Department of Medicine, Taipei Veterans General Hospital, Taipei, Taiwan.
Faculty of medicine, School of Medicine, National Yang-Ming University, Taipei, Taiwan.
Clin Sci (Lond). 2020 Aug 14;134(15):2055-2073. doi: 10.1042/CS20200452.
BACKGROUNDS/AIMS: The present study explores the potential of chronic treatment with the Foresaid X receptor (FXR) agonist obeticholic acid (OCA), which inhibits oxidative stress-related pathogenesis, in ascitic cirrhotic rats with hepatorenal syndrome (HRS) developed 6 weeks after bile duct ligation (BDL).
Systemic, splanchnic, and renal hemodynamics and pathogenic cascades were measured in ascitic BDL and sham rats receiving 2-weeks of either vehicle or OCA treatments (sham-OCA and BDL-OCA groups), and NRK-52E cells, rat kidney tubular epithelial cells.
Chronic OCA treatment significantly normalized portal hypertension, glomerular filtration rate, urine output, renal blood flow; decreased ascites, renal vascular resistance, serum creatinine, and the release of renal tubular damage markers, including urinary neutrophil gelatinase-associated lipocalin (uNGAL) and kidney injury moleculae-1 (uKim-1) in BDL-OCA rats. In the BDL group, inhibition of the renal oxidative stress (8-iso-PGF2α)-activated cyclooxygenase-thromboxane A2 [COX-TXA2] pathway, apoptosis, and tubular injury accompanied by a decrease in hyper-responsiveness to the vasoconstrictor 8-iso-PGF2α in perfused kidneys. In vitro experiments revealed that 8-iso-PGF2α induced oxidative stress, release of reactive oxygen species, and cell apoptosis, which were reversed by concomitant incubation with the FXR agonist.
Through the inhibition of renal 8-iso-PGF2α production and the down-regulation of the COX-TXA2 pathway, our study suggests that chronic OCA treatment can ameliorate the HRS in ascitic cirrhotic rats.
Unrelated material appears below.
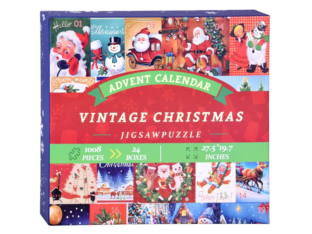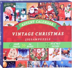 Tento adventní kalendář spojuje radost z odpočítávání do Štědrého dne s uklidňující zábavou skládání puzzlí. Každý den otevřete jedno z 24 okének a získáte malou skládačku s jedinečným vintage motivem. Po poskládání všech ukládaček vznikne jeden společný obraz o rozměrech 70 × 50 cm, který krásně doplní sváteční výzdobu.

Thus, OCA is an agent with antioxidative stress, antivasoconstrictive, antiapoptotic properties which benefit ascitic, cirrhotic rats with systemic, hepatic, and renal abnormalities.
背景/目的:本研究探讨了慢性治疗法尼醇 X 受体(FXR)激动剂奥贝胆酸(OCA)的潜力,OCA 可抑制与氧化应激相关的发病机制,在胆管结扎(BDL)后 6 周发展为肝肾综合征(HRS)的腹水肝硬化大鼠中。
在接受 2 周载体或 OCA 治疗的腹水 BDL 和假手术大鼠(假手术-OCA 和 BDL-OCA 组)以及 NRK-52E 细胞(大鼠肾小管上皮细胞)中测量全身、内脏和肾脏血液动力学和发病机制级联。
慢性 OCA 治疗可显著使门静脉高压、肾小球滤过率、尿量、肾血流量正常化;降低腹水、肾血管阻力、血清肌酐和肾小管损伤标志物的释放,包括尿中性粒细胞明胶酶相关脂质运载蛋白(uNGAL)和肾损伤分子 1(uKim-1)在 BDL-OCA 大鼠中。在 BDL 组中,抑制肾氧化应激(8-异前列腺素 F2α)-激活的环加氧酶-血栓素 A2 [COX-TXA2] 途径、细胞凋亡和管状损伤伴随着对灌注肾脏中血管收缩剂 8-异前列腺素 F2α的超反应性降低。体外实验表明,8-异前列腺素 F2α诱导氧化应激、活性氧物质的释放和细胞凋亡,这些都被 FXR 激动剂同时孵育所逆转。
通过抑制肾脏 8-异前列腺素 F2α的产生和下调 COX-TXA2 途径,我们的研究表明,慢性 OCA 治疗可以改善腹水肝硬化大鼠的 HRS。因此,OCA 是一种具有抗氧化应激、抗血管收缩、抗细胞凋亡作用的药物,有益于有全身、肝脏和肾脏异常的腹水、肝硬化大鼠。